Assessment of heterogeneity

We used the Cochran Chi² test (Q‐test) to assess heterogeneity, considering a P value less than 0.10 as statistically significant. We used the I² statistic to estimate the degree of heterogeneity, which describes the percentage of total variation across studies that results from heterogeneity rather than chance. We interpreted the importance of any heterogeneity in terms of its magnitude and the direction of effects. We did not consider thresholds, instead adopting the overlapping bands suggested in the Cochrane Handbook. For example, we considered an I² of:

• 0% to 40% as probably not important;

• 30% to 60% as representing moderate heterogeneity;

• 50% to 90% as substantial heterogeneity;

• 75% to 100% as considerable heterogeneity (Higgins 2020).

Assessment of reporting biases

Had we found more than 10 studies, we would have undertaken an analysis of a funnel plot, which is a graph used to detect publication bias. We wanted to know whether the largest studies were near the average with small studies spread on both sides of the average. Variations from this assumption can indicate the existence of publication bias, but asymmetry may not necessarily be caused by publication bias.

Data synthesis

We analysed data using Review Manager 5 (Review Manager 2020). We pooled data for meta‐analysis where the participant groups were similar, and the studies assessed the same treatments with the same comparator and had similar definitions of outcome measures over a similar duration of treatment. We used a fixed‐effect model because we expected studies to be very similar. Studies reporting dichotomous data were weighted using the Mantel‐Haenszel method. We rated the strength of the evidence based on the system developed by the GRADE Working Group (Guyatt 2011).

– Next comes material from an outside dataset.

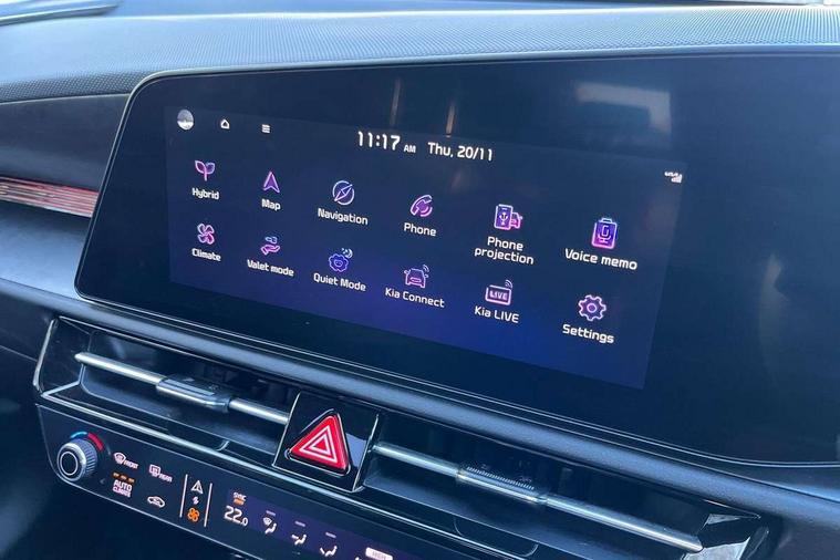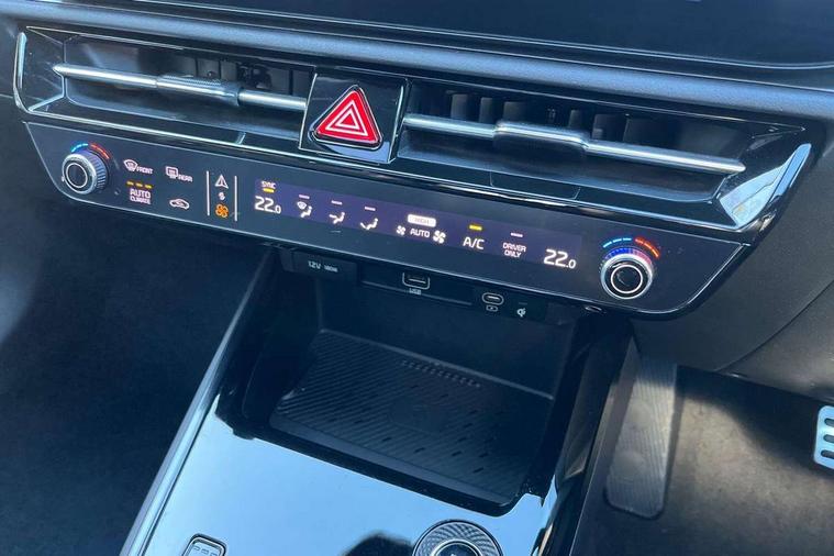 10.25" driver display screen, 10.25" touchscreen satellite navigation, Apple car play/Android Auto with voice control, Blind spot collision avoidance assist, Customisable Head Up Display, Drive mode select (Eco, normal, sport, snow), E-call, Emergency stop signalling system, Forward Collision-Avoidance Assist (FCA) 1.5 - City/Pedestrian/Cyclist/Junction turning, Front parking sensors, Highway Driving Assist (HDA), Intelligent speed limit assist, Kia Connect (UVO), Lane Following Assist (LFA), Lane keep assist, Motor driven power steering, Parking collision avoidance assist (PCA), Rear cross traffic collision avoidance assist (RCCA), Rear parking sensors, Remote smart parking assist, Reversing camera system, Safe exit warning (SEW), Smart cruise control with stop and go functionality, Smart power tailgate, Trip computer with distance/fuel consumption/average speed, Wireless Smartphone charger, 220v AC Inverter, 'Shark fin' mobile antenna, 6 speakers, Bluetooth with music streaming, DAB Digital radio, Steering wheel mounted controls, USB port for connection of a media device, Acoustic windshield, All round electric windows with drivers and front passenger auto up/down and safety function, Auto dimming rear view mirror, Automatic defog system, Automatic headlight control system, Black grille with chrome surround, Black window surrounds, Body colour bumpers, Body colour door mirrors, Body colour exterior door handles, Deluxe door scuff plates, Electrically adjustable and heated door mirrors with LED turn indicator, Electrically folding door mirrors, Front and rear chrome skid plates, Front fog lights, Gloss black wheel arches, Heated rear window, LED daytime running lights, LED Headlights, LED High mounted brake light, LED rear combination lights, Privacy glass - Rear windows and tailgate, Rain sensing front wipers, Rear fog lights, Rear roof spoiler, Rear side wing doors, Rear wiper, Roof rails, Solar glass windscreen, Sunroof with tilting and sliding function, Welcome and follow-me home light functionality, Windscreen Washer Level Warning, 12V socket in front, 12V socket in luggage compartment, 3 seat bench in 2nd row, 60:40 split remote folding rear seats, All-round height adjustable headrests, Alloy pedals, Artificial leather centre console storage box, Artificial leather steering wheel, Artificial leather upholstery, Automatic air conditioning, Centre console cupholder, Chrome coating interior door handles, Driver power adjusted memory seat, Driver/passenger sunvisors with illuminated vanity mirrors, Drivers seat power lumbar support, Front and rear door storage, Front passenger 1 x USB-C charging port, Front passenger power adjusted seat, Front passenger relaxation seat, Glove box, Heated front seats, Heated outer rear seats, Heated steering wheel, ISOFIX Child seat top tethers and anchor fixings, LED Front cabin, rear & luggage compartment lights, Luggage area load cover, Luggage board, Manually adjustable steering column, Paddle shifts, Power adjustable lumbar support on front passenger seat, Rear centre armrest with cupholder, Rear passenger 2 x USB-C charging ports, Seatback pocket - driver, Seatback pocket - front passenger, Shift by wire SBW, Single front passenger seat, Ventilated front seats, Ventiliation ducts to rear compartment, 3 point seatbelts on all seats, ABS, Automatic unlocking of doors in case of impact, Curtain and side airbags, Dual shell horn, Electric parking brake with auto hold function, Electronic stability control, Front airbags, Front passenger airbag cut-off switch, Height adjustable front seatbelts, Hill start assist control (HAC), Knee airbags, Seatbelt reminder warning, Traction control, Tyre pressure monitoring system, Customisable automatic door locking, Customisable automatic door unlocking, Deadlocks, Engine Start/Stop Button with Smart Entry System, Locking wheel nuts, Manual child locks, Rear occupant alert, Smart key with motion sensor, Thatcham category 2 security alarm and immobiliser, Visible vehicle identification number, Warranty - 7 Years/ 100, 000 miles, Centre fascia chopped carbon, 18" Alloy wheels, Tyre mobility kit,

We performed a narrative analysis of data on adverse events comparing crude rates. We planned to conduct quantitative analysis of the rate of adverse events only if we located a sufficient number of prospective observational studies or randomised trials that contained data on adverse events suitable for pooling.

Subgroup analysis and investigation of heterogeneity

We planned to perform subgroup analyses of SSRIs and SNRIs, but this was not possible due to the limited number of identified studies.

Sensitivity analysis

We performed sensitivity analysis using a random‐effects model  to see if this would change the pooled results. We planned to conduct additional sensitivity analyses excluding small studies, studies with a high risk of bias, and studies published in abstract form; however, due to the limited number of trials available it was not possible to perform these analyses.

Summary of findings and assessment of the certainty of the evidence

Two review authors (BNS, KT) assessed the certainty of evidence using the GRADE approach, which considers risk of bias, inconsistency, indirectness, imprecision, and publication bias for each outcome. Evidence from RCTs starts at a level of high certainty. Concerns about any of the aforementioned domains would result in downgrading of the evidence by one or two levels; explanations for our decisions would be provided in the 'Summary of findings' tables. For example, we would downgrade one level for imprecision if the 95% CI included both a beneficial or non‐beneficial effect. We assessed the certainty of the evidence as high, moderate, low, or very low according to the GRADE approach (Guyatt 2011). We created two 'Summary of findings' tables, one for the comparison SGAs versus placebo (summary of findings Table 1), and one for SGAs versus light therapy (summary of findings Table 2).